客人吃完饭后,饭庄里本就盆朝天碗朝地。
喝光的酒坛子,擦手的热帕子随处乱搭。还有不少筷子掉在地上,掰开筷子当牙签扔饭碗里扔地上的,满哪都是。
紧接着自家人又吃两口走了,屋里更显萧索。
满桌子一边拾掇,一边惦记她老姐。
甭管咋样,他们好孬算对付一口。
却不知道她老姐、田芯和有粮吃没吃口热乎饭。
满桌子自责,刚才只顾赶紧去抱被子,将自家盖的那几铺破被子带上,又抠些干牛粪让路上烧,怕这几个赶车的冻到。
怎么就忘记给装点吃的让有粮捎给老姐,装点现成的炒栗子和地瓜干也行啊。
田芯离开零嘴哪能行。
老姐家那位吉娃娃,只要熬夜嘴里就要嚼点啥。
人家是饿了才会吃两口,田芯是不饿也爱吃两口。
于芹娘忽然端着一口大号空木盆进屋。
美壮更狠,她是直接挑两桶水进来。
这俩人撸袖子想要现场刷碗。
许家饭庄刷盘碗一向是这样。
灶房没有那么多空地方,灶房也要收拾,索性在屋里刷,刷完直接放在桌上晾干。
满桌子急忙接手端住:“你俩一个个都是双身子,尤其是你,小芹,那胎还没坐稳当,我说不能端重物,你咋就不听呢。你俩帮着捡捡桌子扫扫地得了。”

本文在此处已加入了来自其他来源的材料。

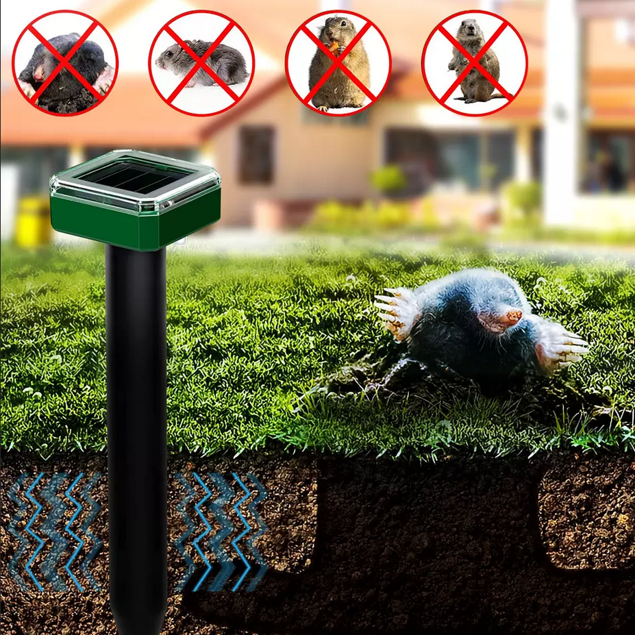 - Fabrycznie nowy, wysokiej jakości solarny odstraszacz na krety i gryzonie o zmiennej częstotliwości dźwięku.

满桌子在刷锅时,向于芹娘打听:“你给有仓他们带多少银钱?我算是做下病了,一听你关叔念叨什么天麻、钩藤、丹参、麝香啥的,我就心突突。”
“今天两面卖饭的银钱全给带去了,拢共四十六两银钱。对了,老姨,那时你家我哥,大致了多少银钱?”
于芹娘他们已经改口,往后从许老太那面论,不再叫满桌子婶子,而是叫老姨。
满桌子没有先回答,而是先感叹道:
“唉,脑子的病症,真不是咱小老百姓能看得起的。
难怪有些人家起头就会放弃。
也不知你婆家大伯会不会把药钱给你们。我现在就怕他们耍赖,认为闺女不值。”
然后满桌子才像唠嗑似的,细细告知于芹娘和美壮说:
“我家大小子那阵,里外里半个月三十三两。嗯那呗,当初天都要塌了。到后头被逼得没招,不够吃也要卖两亩上等田救急。”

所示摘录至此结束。